How would you deal with non genuine asylum seekers?
I think it's quite simple -- If Irish undocumented workers in the US should be granted amnesty or favor, then the same should apply to people coming to Ireland to make a living. Anything else is rank hypocracy. The Irish staying illegally in the US are no different from those who come to stay in Ireland.
Eoin,
There is a major difference between the Irish in America and the Nigerians in Ireland. The Irish did not go to America to claim asylum on mostly false grounds. The Irish did not go to America to spend millions of taxpayers dollars on injunctions etc. The Irish went to America to work, very different to the position we find ourselves in on this Island.
The chances of an amnesty for failed asylum seekers in Ireland start at zero and end at zero.

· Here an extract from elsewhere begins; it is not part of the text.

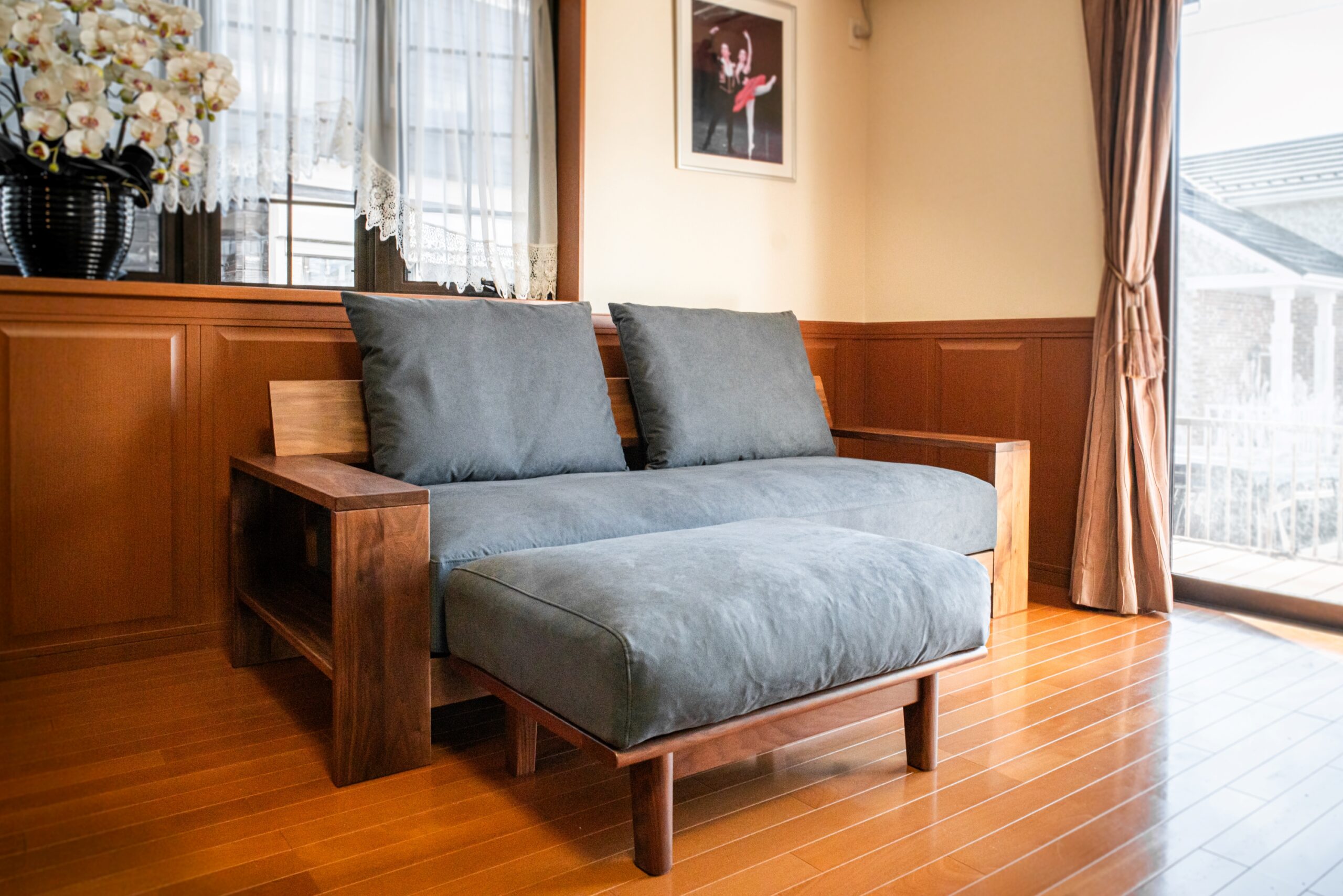 ブラックウォールナット無垢材のソファをお届けしました。肘や背に使われた幅広の無垢材は存在感たっぷり!クッションの生地は旭化成のラムースを使った特注仕様で、ペットとお住まいになられている方でも安心して使い込めるようになっています。スエードのような起毛感は高級感たっぷりで肌触りも良く、ブラックウォールナットの質感ともとても良く合っています。

Your statement above about the Irish in America is a different situation completly. America is built on service industries and its citizens must work otherwise they get no money. They only have a 6 month social welfare system. Non-genuine asylum seekers in this country, like any other EU country are sent back. Some have seen Ireland as a soft touch and this is why our immigration system was reformed. America deports a lot more mexican asylum seekers than we do every month. So, I can't see what the link is between the Irish immigrants in America and the asylum seekers here.
Referring to the link above in one of the most recent comments, it states that the Minister for Justice was detailing some excuses that asylum seekers use but it doesn't mention that these cases are actually true.